* _Work required_
In the entries below, find the line with "以太坊基金会完整的组织架构,dAI 团队与隐私、扩容团队并列为核心战略方向" and the line with "Незвичайний, цікавий пістолет, який". Return those two lines and all lines between them, exactly.

* _Information given_

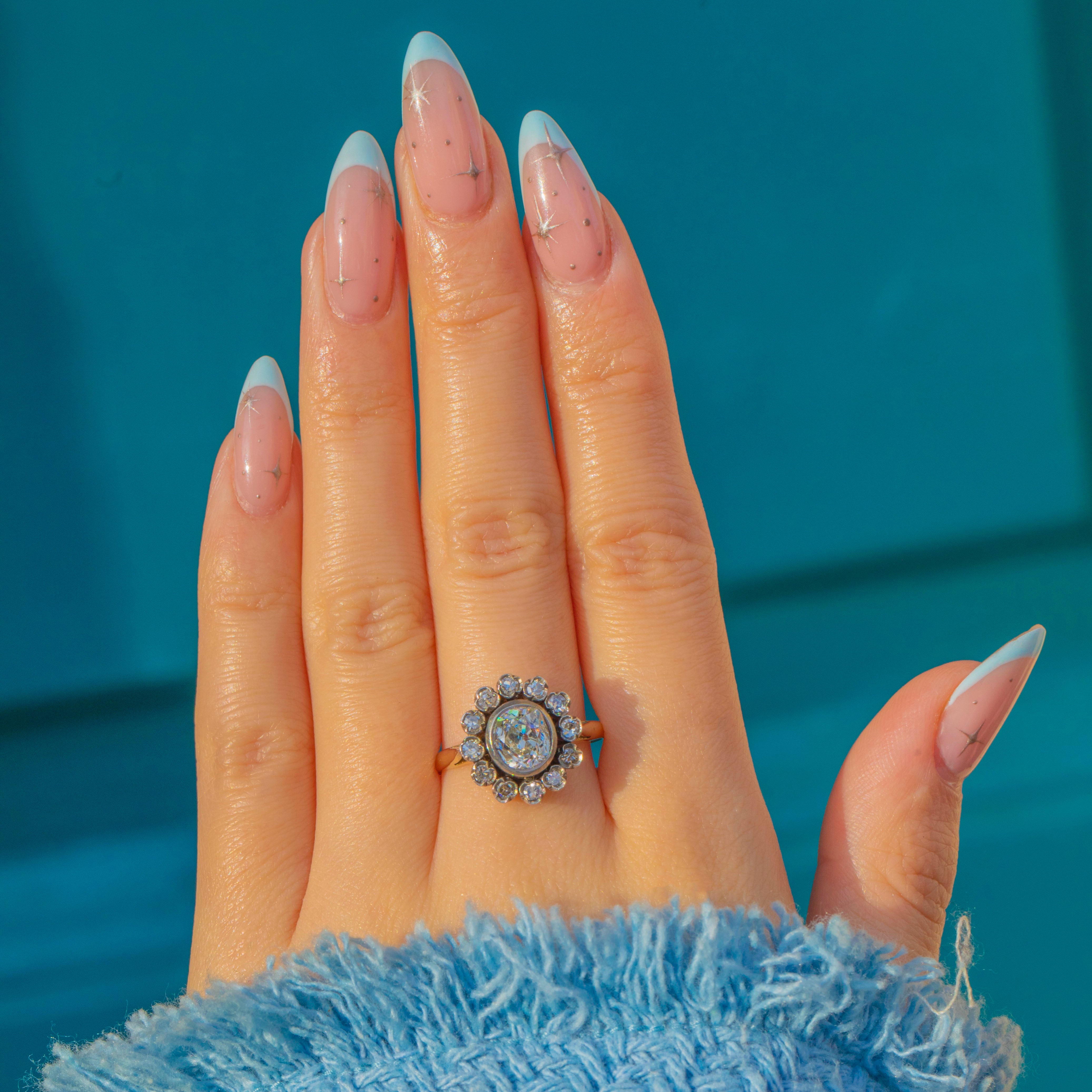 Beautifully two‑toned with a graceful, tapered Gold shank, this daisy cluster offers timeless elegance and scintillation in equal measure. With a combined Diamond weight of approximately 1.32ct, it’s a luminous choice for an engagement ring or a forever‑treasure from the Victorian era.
--
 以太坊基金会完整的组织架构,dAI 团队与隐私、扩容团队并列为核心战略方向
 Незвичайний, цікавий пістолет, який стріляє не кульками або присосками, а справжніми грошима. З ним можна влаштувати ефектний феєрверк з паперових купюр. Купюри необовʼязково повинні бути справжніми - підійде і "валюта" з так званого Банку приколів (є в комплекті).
* * *
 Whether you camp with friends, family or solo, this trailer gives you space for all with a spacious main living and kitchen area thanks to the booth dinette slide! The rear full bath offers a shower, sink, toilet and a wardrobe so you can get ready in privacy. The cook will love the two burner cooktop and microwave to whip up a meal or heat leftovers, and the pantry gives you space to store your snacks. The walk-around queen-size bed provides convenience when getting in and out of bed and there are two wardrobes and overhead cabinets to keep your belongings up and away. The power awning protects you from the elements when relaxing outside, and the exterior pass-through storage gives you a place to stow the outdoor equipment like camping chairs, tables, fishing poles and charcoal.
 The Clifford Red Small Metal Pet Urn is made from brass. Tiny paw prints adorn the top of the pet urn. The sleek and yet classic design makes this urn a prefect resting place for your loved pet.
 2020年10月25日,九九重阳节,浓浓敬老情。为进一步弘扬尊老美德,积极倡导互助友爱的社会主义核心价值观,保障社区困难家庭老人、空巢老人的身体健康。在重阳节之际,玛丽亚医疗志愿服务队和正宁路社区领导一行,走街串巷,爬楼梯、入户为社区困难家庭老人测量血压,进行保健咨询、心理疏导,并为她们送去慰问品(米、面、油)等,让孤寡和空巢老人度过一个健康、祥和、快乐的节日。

* _Output for this task_
 以太坊基金会完整的组织架构,dAI 团队与隐私、扩容团队并列为核心战略方向
 Незвичайний, цікавий пістолет, який стріляє не кульками або присосками, а справжніми грошима. З ним можна влаштувати ефектний феєрверк з паперових купюр. Купюри необовʼязково повинні бути справжніми - підійде і "валюта" з так званого Банку приколів (є в комплекті).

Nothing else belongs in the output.